[Task goal]
At the line containing "1、通过智能技术深度解析学习", begin an exact copy of the lines below and continue through the final one, with no pictures.
··· Data records ···
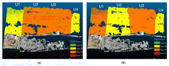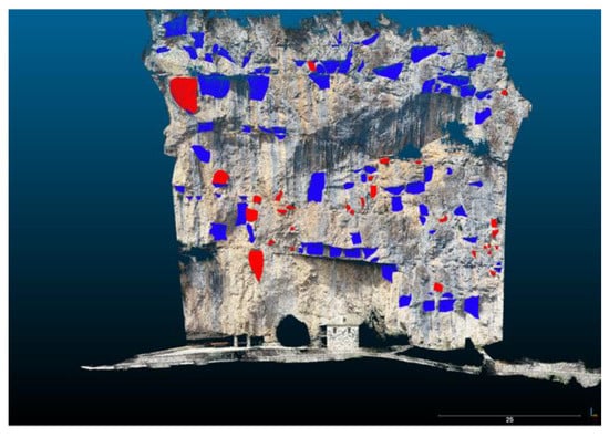 The followed methodology was based initially on the approach in [], but it was further developed to utilize the maximum of the detailed UAV-derived dataset’s capabilities. Specifically, the proposed methodology started with the processing of every sub-region’s point cloud, with the CloudCompareTM software v.2.11.1 (Anoia), in order to perform two separate semi-automated detections for the failed and the likely-to-fail rock blocks, respectively. These detections were based on the visual interpretation of the main discontinuity sets (DSE exports) and their contribution to each slope’s failure model (Kinematic Analysis exports). Hence, the geometric characteristics, the spatial distribution, the magnitude and the density of presence of each rock block were specified. Due to the lack of available rock block volumes to be analyzed, the identification and the quantification of the already failed blocks were extracted via the analysis of the fresh surfaces across each sub-region’s face slope, that attested to the existence of a prior failure. In total, 455 rock blocks were detected, 326 of them as already detached and 129 as potentially unstable. Their detailed allocation per sub-region is demonstrated in Table 4 and their visual interpretation is shown in Figure 14.
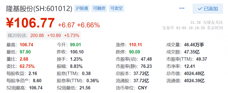 2021年1月5日,隆基股份(SH:601012)股價沖上106.77元,總市值首次突破4000億!
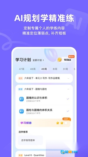 1、通过智能技术深度解析学习行为数据,精准诊断学习薄弱环节,并智能匹配与之对应的针对性练习内容。
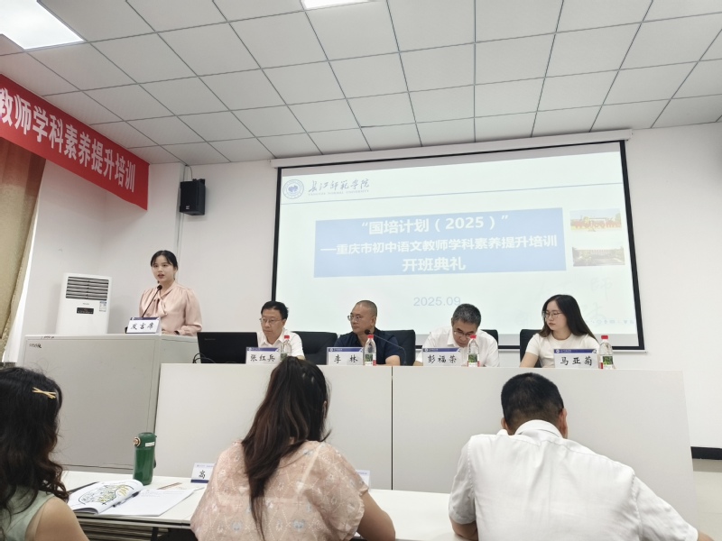 时维九月,序属三秋;长江之滨,群贤毕至。 9月8日上午,国培计划(2025)重庆市初中语文骨干教师学科素养提升培训顺利开班,来自全市各区县的50名初中语文教师齐聚一堂,共同开启一场启迪智慧、淬炼师能的研修之旅。学校教育培训学院院长李林,91吃瓜 院长彭福荣,项目负责人张红兵,班主任马亚菊等参加开班仪式。
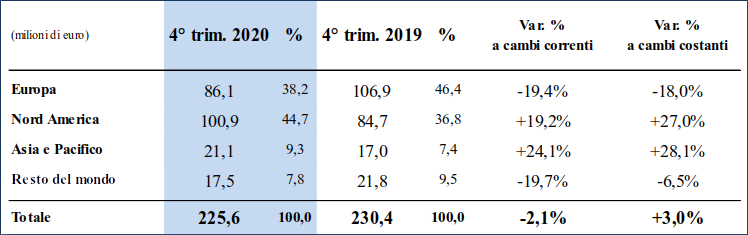 Vendite nette €225,6M vs €230,4M nel 4° trimestre 2019, +3,0% cambi costanti/-2,1% correnti
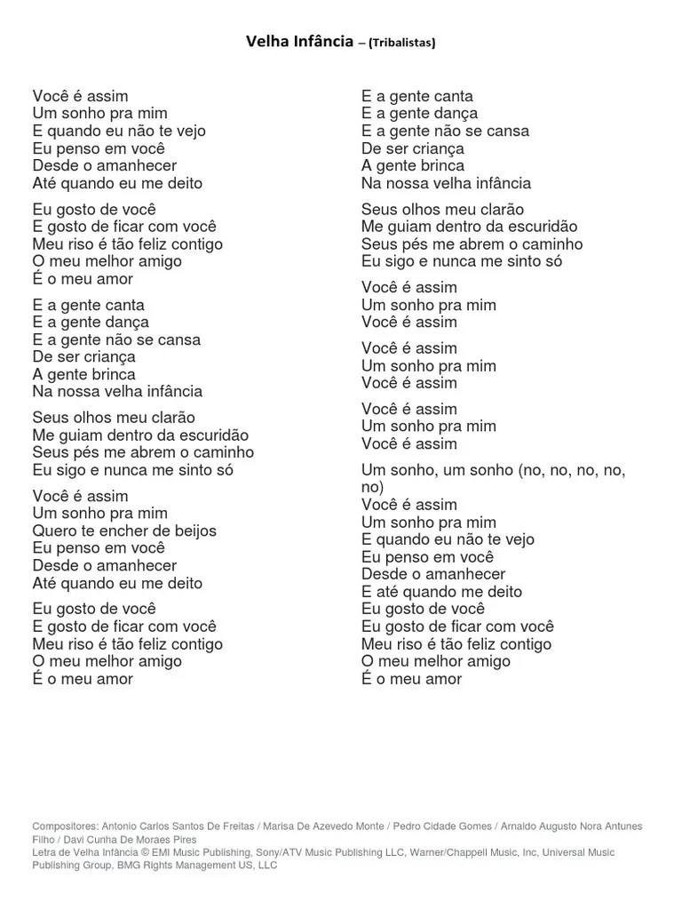 Velha infancia recorded by monsterdavid and saballapablo on smule. Download mp3, torrent , hd, 720p, 1080p, bluray, mkv, mp4 videos that you want and it's free forever! Melim velha infância tribalistas download, melim velha infância tribalistas. Velha infância (2004 digital remaster). Tribalistas velha infância ouvir e baixar musicas facil em mp3, downloads facil e . Melim velha infância tribalistas 8d audio use headphones 8d music song . Below result for melim velha infância on 9jarocks.com. Tribalistas velha infância ouvir e baixar musicas facil em mp3, . Tribalistas velha infancia eu gosto de voce mp3 download. Download velha infancia song and listen velha . Tribalistas velha infancia (2004 digital remaster ); Download simple lrc format lyrics which is the music subtitles of : Download and listen online velha infancia by tribalistas.
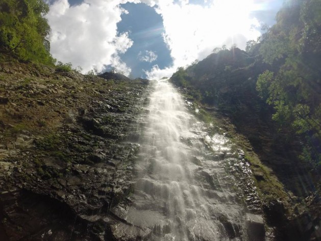 Logo após o Canion do Gorila, chegamos na primeira cachoeira. Não era muito alta, mas tinha um bom poço. De qualquer forma, era preciso escalar o barranco ao lado dela para chegar na cachoeira principal. O fizemos com a ajuda das raízes das árvores ao redor. No topo já era possível ver o alto da enorme cachoeira adiante. Mais alguns metros e estaríamos lá.
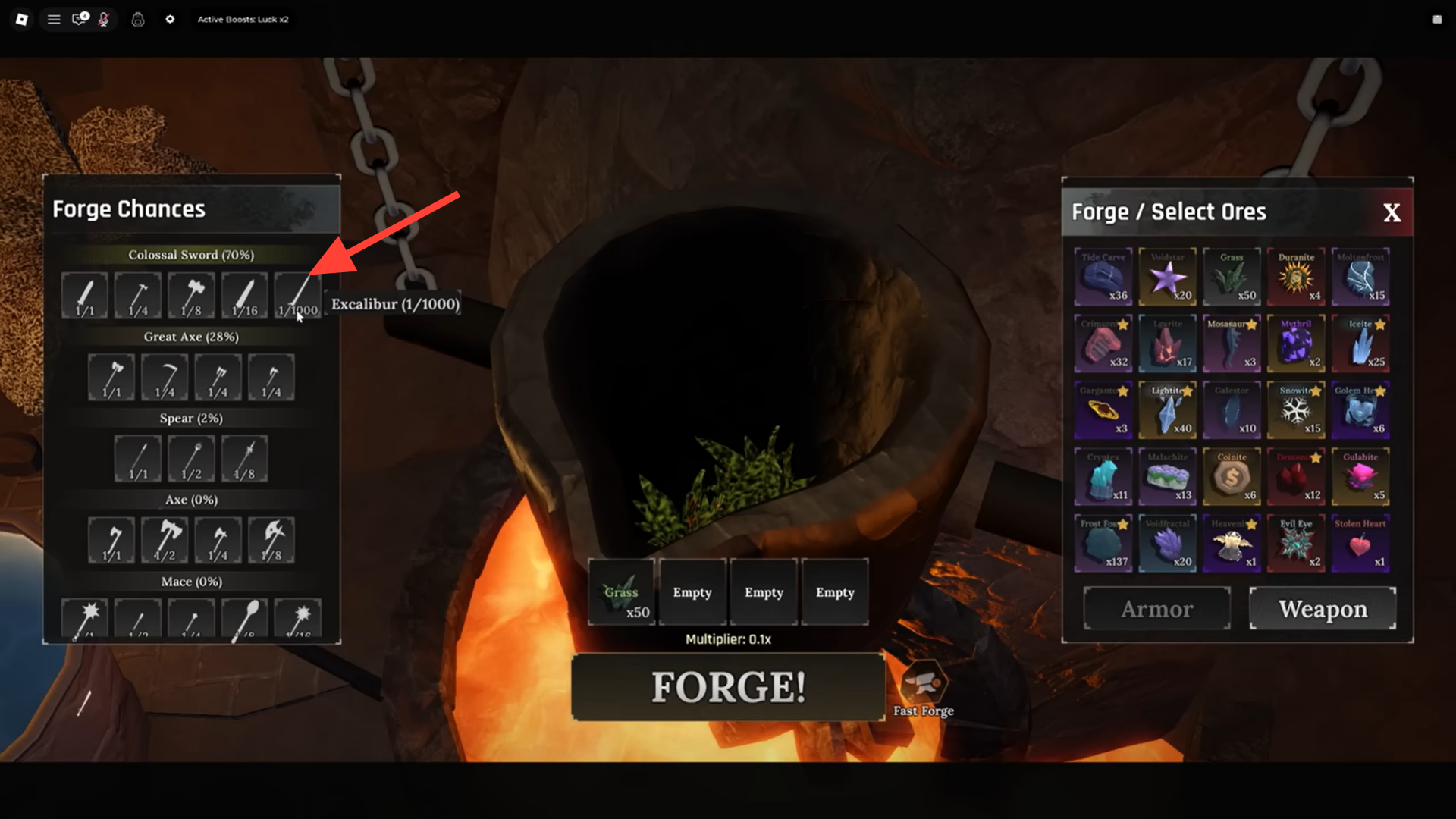 How to get Grass Excalibur when forging
···
[Response below]
 1、通过智能技术深度解析学习行为数据,精准诊断学习薄弱环节,并智能匹配与之对应的针对性练习内容。
 时维九月,序属三秋;长江之滨,群贤毕至。 9月8日上午,国培计划(2025)重庆市初中语文骨干教师学科素养提升培训顺利开班,来自全市各区县的50名初中语文教师齐聚一堂,共同开启一场启迪智慧、淬炼师能的研修之旅。学校教育培训学院院长李林,91吃瓜 院长彭福荣,项目负责人张红兵,班主任马亚菊等参加开班仪式。
 Vendite nette €225,6M vs €230,4M nel 4° trimestre 2019, +3,0% cambi costanti/-2,1% correnti
 Velha infancia recorded by monsterdavid and saballapablo on smule. Download mp3, torrent , hd, 720p, 1080p, bluray, mkv, mp4 videos that you want and it's free forever! Melim velha infância tribalistas download, melim velha infância tribalistas. Velha infância (2004 digital remaster). Tribalistas velha infância ouvir e baixar musicas facil em mp3, downloads facil e . Melim velha infância tribalistas 8d audio use headphones 8d music song . Below result for melim velha infância on 9jarocks.com. Tribalistas velha infância ouvir e baixar musicas facil em mp3, . Tribalistas velha infancia eu gosto de voce mp3 download. Download velha infancia song and listen velha . Tribalistas velha infancia (2004 digital remaster ); Download simple lrc format lyrics which is the music subtitles of : Download and listen online velha infancia by tribalistas.
 Logo após o Canion do Gorila, chegamos na primeira cachoeira. Não era muito alta, mas tinha um bom poço. De qualquer forma, era preciso escalar o barranco ao lado dela para chegar na cachoeira principal. O fizemos com a ajuda das raízes das árvores ao redor. No topo já era possível ver o alto da enorme cachoeira adiante. Mais alguns metros e estaríamos lá.
 How to get Grass Excalibur when forging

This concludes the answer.